Немой Петр принес кнут, сплетенный из полос воловьей кожи. Потрясая им, он замычал, показывая, что кнут тяжел и он может ненароком изувечить упрямицу, но мать Степанида приказала:

– По греху и наказание. Бей без жалости!

Взвизгнула плеть, и кровавая полоса проступила сквозь полотно рубахи.

– Стой! – подняла руку игуменья. – Одежонка мешает, должно.

Петр замычал, качая головой.

– Да, да. Сорви, – показала она на рубаху.

Рубаха затрещала. Увидев нагое тело, Петр наклонился и провел своей грязной корявой рукой по отливающей белизной спине.

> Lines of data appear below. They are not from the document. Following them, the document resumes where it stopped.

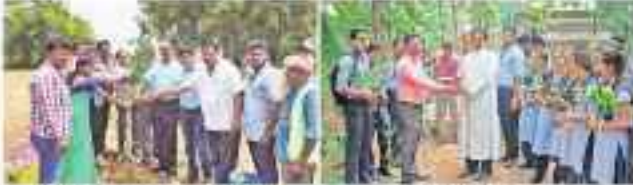
ప్రస్తుత పాఠశాలలలో మొక్కలు నాటుతుంటే... ఉన్నతలో మొక్కలు నాటి ఉద్యోగం పని కారణం కార్యక్రమం..

ప్రస్తుత పాఠశాలలలో పాఠశాలకు మొక్కలు నాటుతుంటే... మొక్కలనాటి పాఠశాలలో మొక్కలు నాటి ప్రకృతి సామ్రాజ్యం... ఉన్నతలో మొక్కలు నాటి ఉద్యోగం పని కారణం కార్యక్రమం..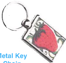
Metal Key Chain

Grandparent's Day Christmas Father's Day Birthdays Hanukkah Mother's Day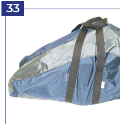
Nylon bag for transport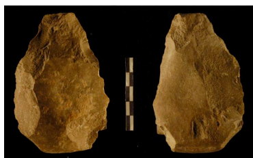
Cueva Negra hand-axe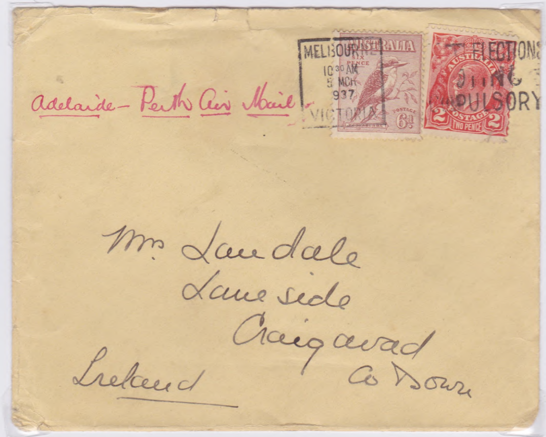
2d postage, airmail one ounce 6d = 8d Melbourne 8 March 1937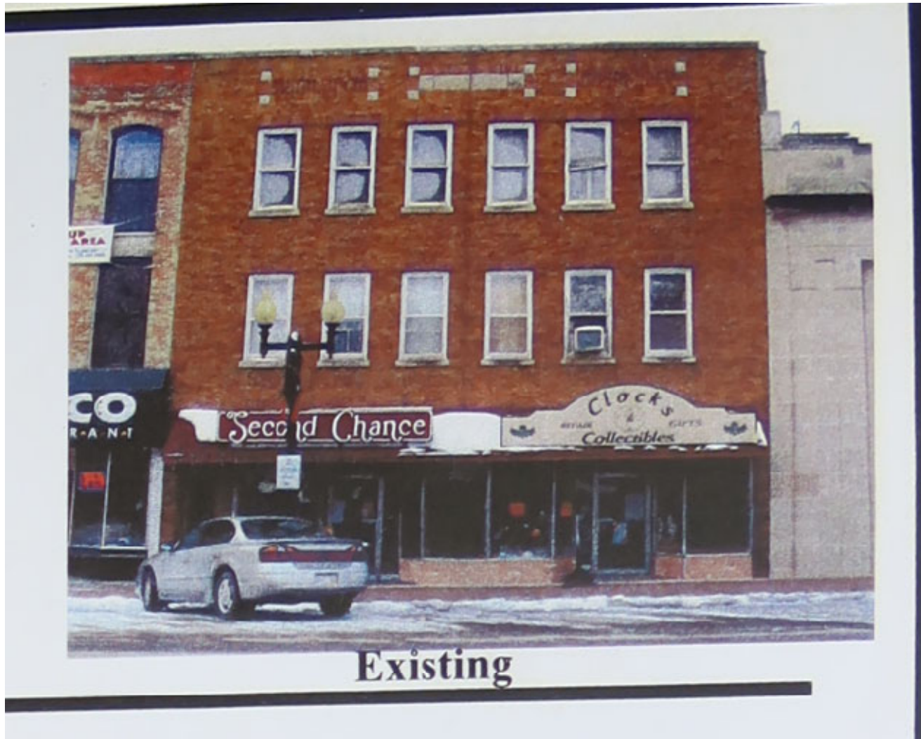
Building in January 2006 (City of Mt Pleasant building permits)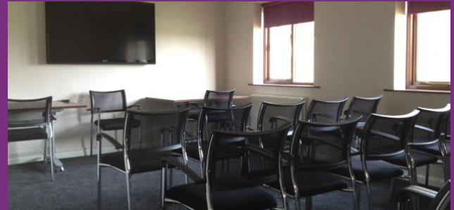
The Training Room has a capacity of up to 20 people in a theatre style setting

The facilities at Progress House provide a cost-effective corporate image and will allow you the time to concentrate on the needs of your company within a hassle free environment.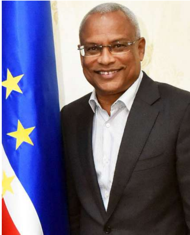
H.E. JOSE MARIA NEVES PRESIDENT OF CAPE VERDE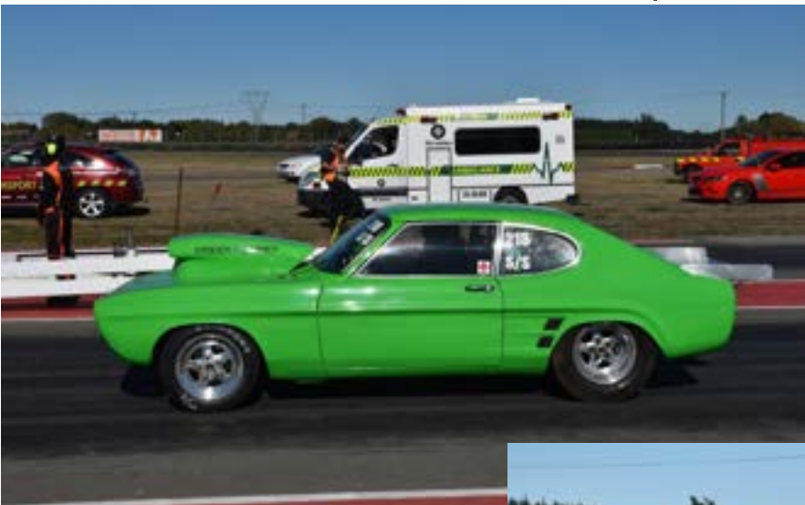
A couple of other special Fords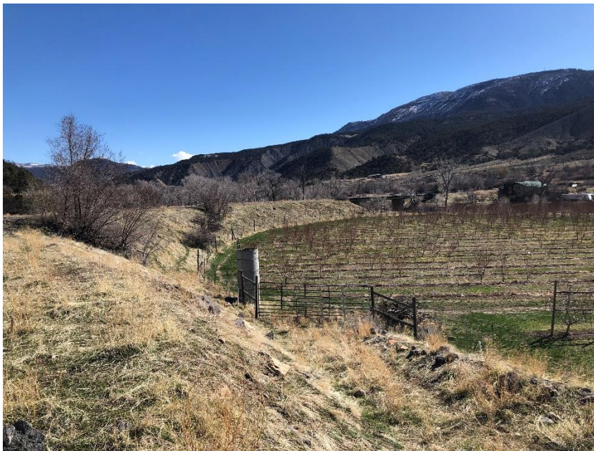
Slope below loadout, looking toward trestle

Number of Partial Inspection this Fiscal Year: 5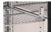
Chrome adjustable shelves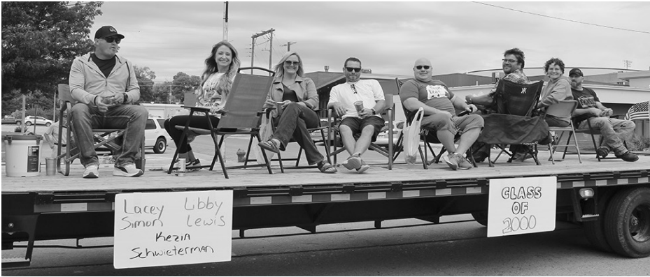
SHS Class of 2000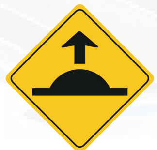
SPEED BUMP AHEAD TSA-CPS-302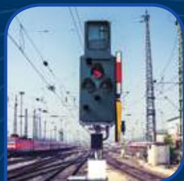
1 Trackside traffic control box Signal lights box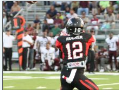
High school football rankings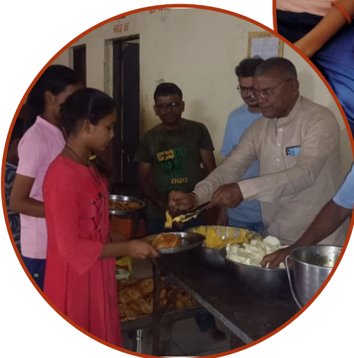
Celebration of Baba Saheb Ambedkar Janma Jayanti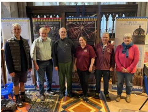
The band Treble to Tenor Right to Left at the rear of Cradley Church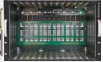
* SBE-714D Shown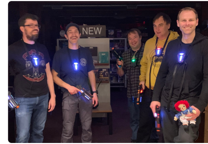
Laser Tag in the Library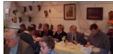
← 2005 Volunteer Appreciation Luncheon ↓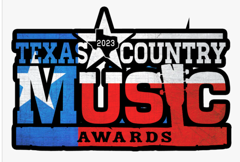
Texas Country Music Awards Logo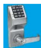
With IC Core in 26D DL2700iC/26D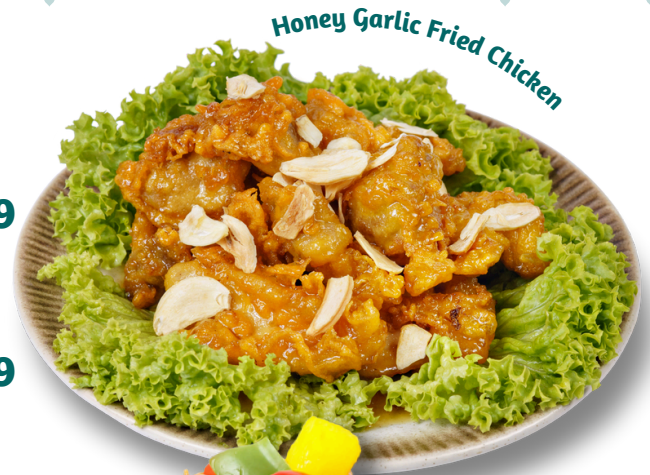
Honey Garlic Fried Chicken

Stir-fried minced chicken with Thai basil, long bean, onion and chilli.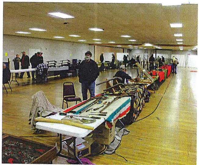
Image of the Au 2020 Ashland exhibit, trade, and sell show during the COVID-19 Pandemic.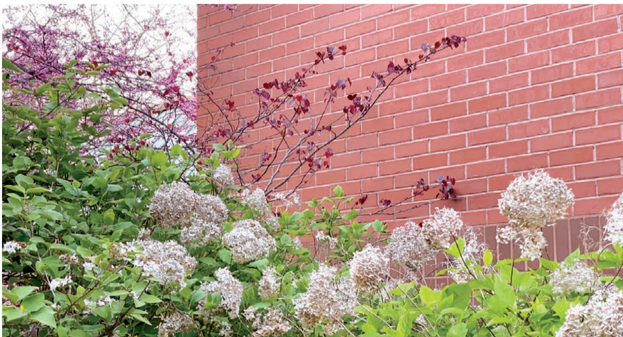
The Potomac Library is available for telephone service and Holds to Go! contactless holds pick-up service only. The bookdrop is open. But the plantings and blooming trees around the building brighten the view. https://montgomerycountymd.gov/library/services/holds-to-go.html

For listing of virtual events, see https://mcpl.libnet.info/events?l=virtual+branch&r=thisweek

Алёна дернулась и застонала от унижения и собственного бессилия.

«Знала бы, что дело так обернется, ушла с разбойными. И не радовалась бы ноня эта старая ведьма на муки мои глядючи», – подумала она и метнула свой полный ненависти взгляд на игуменью.

– Бей! Чего зенки пялишь! – крикнула мать Степанида привратнику.

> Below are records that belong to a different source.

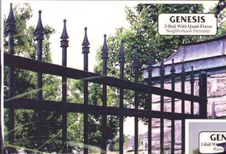
GENESIS 3-Rail With Quad-Flares Neighborhood Perimeter

The Genesis style carries an inherent beauty that adds a decorative touch to any residential landscape, whether an individual home, a gated community, or a series of multi-family dwellings.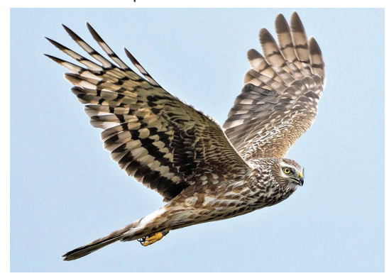
Hen harrier in flight

I will continue to champion these issues in Parliament.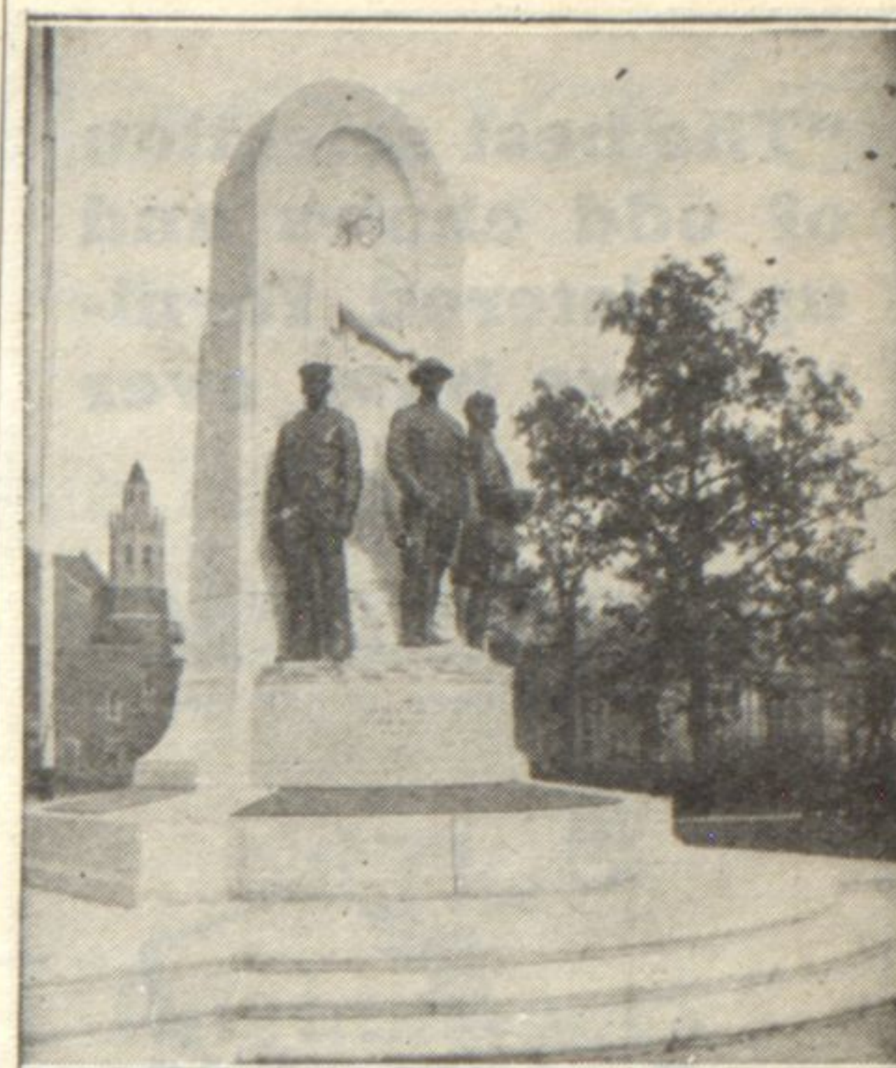
Soldiers' Memorial, Oak Park Granite Cut and Erected by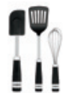
Tools and Gadgets

Cuisinart offers an extensive assortment of top quality products to make life in the kitchen easier than ever. Try some of our other countertop appliances, cookware, tools and gadgets.

Кнут засвистел и скоро окрасился кровью.

Алёне казалось, что каждый удар ломает ребра, рвет в клочья тело. Рот заполнился соленой липкой слюной, мешавшей дышать, но Алёна только сильнее сжала зубы.

Степанида, увлеченная истязанием, не слышала, как звала ее послушница, и только когда девушка затрясла ее руку, очнулась.

– Чего тебе? – недовольно спросила она.

Настя, дрожащая, со слезами на глазах, с трудом вымолвила:

– Матушка, князь Шайсупов в монастырь пожаловал, тебя позвать велел.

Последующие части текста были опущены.